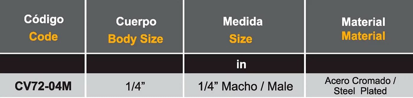 CV72-M Conector Rápido Neumático Macho de 1/4″
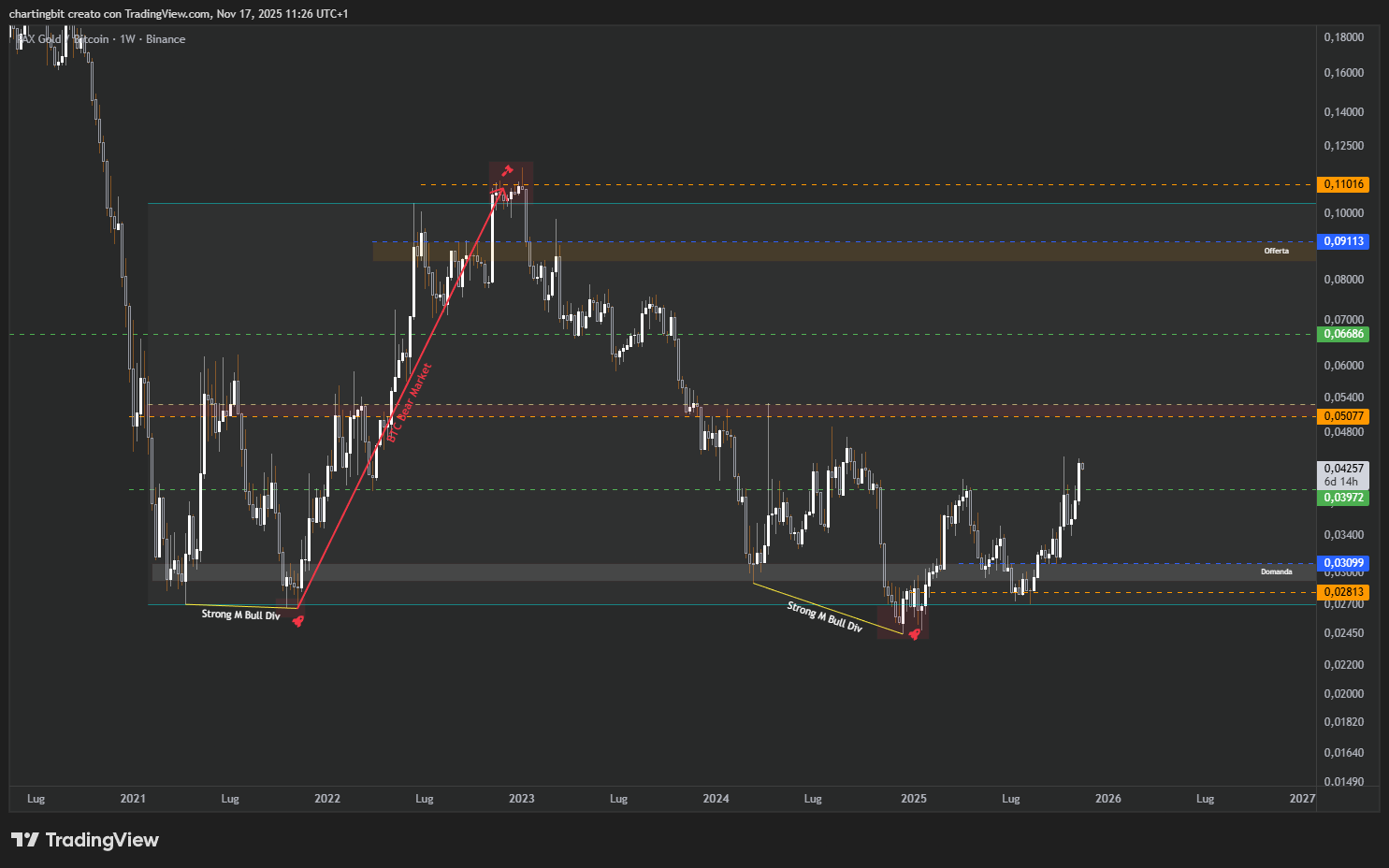 Ancora, anche il paragone con l’oro sta segnalando la stessa cosa, da tempo orami come ti faccio notare da settimane, ma soprattutto stanotte dopo che la settimanale ha chiuso oltre il livello di offerta più importante a 0.03972, che come sai era il mio riferimento ultimo per la conferma di un bear market su Bitcoin:
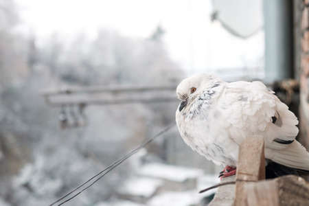 White pigeon on the snow-covered windowsill on a frosty day. The bird freezes in cold winter. Selective focus
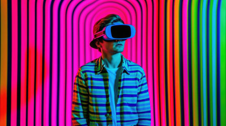 A person experiences virtual reality with vibrant colors and dynamic lights in a modern setting.

_TO DO:_
A word-for-word copy of the lines from the one with "Ancora, anche il" through the final line of the listing above is the whole answer, and it contains no pictures.

_RESULT OF THE EXERCISE:_
 Ancora, anche il paragone con l’oro sta segnalando la stessa cosa, da tempo orami come ti faccio notare da settimane, ma soprattutto stanotte dopo che la settimanale ha chiuso oltre il livello di offerta più importante a 0.03972, che come sai era il mio riferimento ultimo per la conferma di un bear market su Bitcoin:
 White pigeon on the snow-covered windowsill on a frosty day. The bird freezes in cold winter. Selective focus
 A person experiences virtual reality with vibrant colors and dynamic lights in a modern setting.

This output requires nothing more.